Segment Start: Data
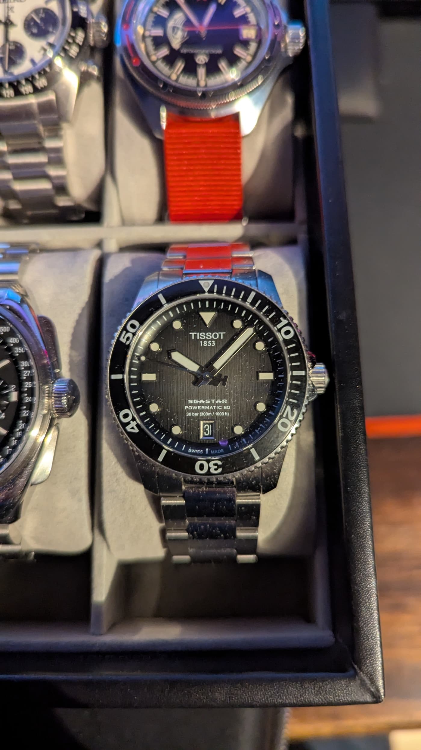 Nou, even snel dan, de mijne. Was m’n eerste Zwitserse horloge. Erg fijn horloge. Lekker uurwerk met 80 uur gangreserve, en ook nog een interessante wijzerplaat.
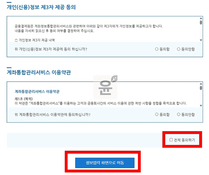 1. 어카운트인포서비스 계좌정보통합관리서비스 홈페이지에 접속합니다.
Segment End: Data
Segment Start: Data
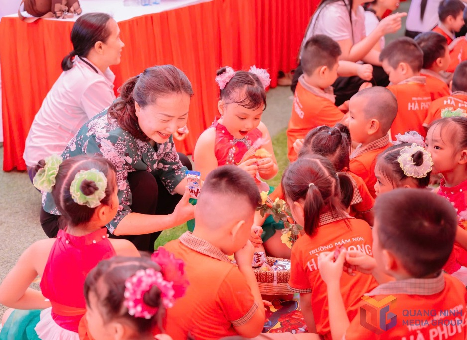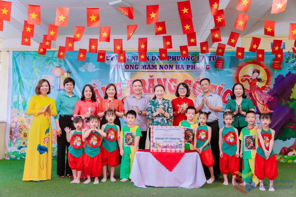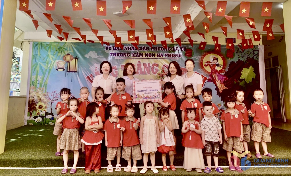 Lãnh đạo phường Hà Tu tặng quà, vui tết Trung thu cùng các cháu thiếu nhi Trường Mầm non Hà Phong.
Segment End: Data
Task details
Using the entries above, reproduce word for word only the lines from the one that contains "Nou, even snel" to the one that contains "1. 어카운트인포서비스 계좌정보통합관리서비스 홈페이지에 접속합니다.", both ends included, and drop every picture.

Finished exercise
 Nou, even snel dan, de mijne. Was m’n eerste Zwitserse horloge. Erg fijn horloge. Lekker uurwerk met 80 uur gangreserve, en ook nog een interessante wijzerplaat.
 1. 어카운트인포서비스 계좌정보통합관리서비스 홈페이지에 접속합니다.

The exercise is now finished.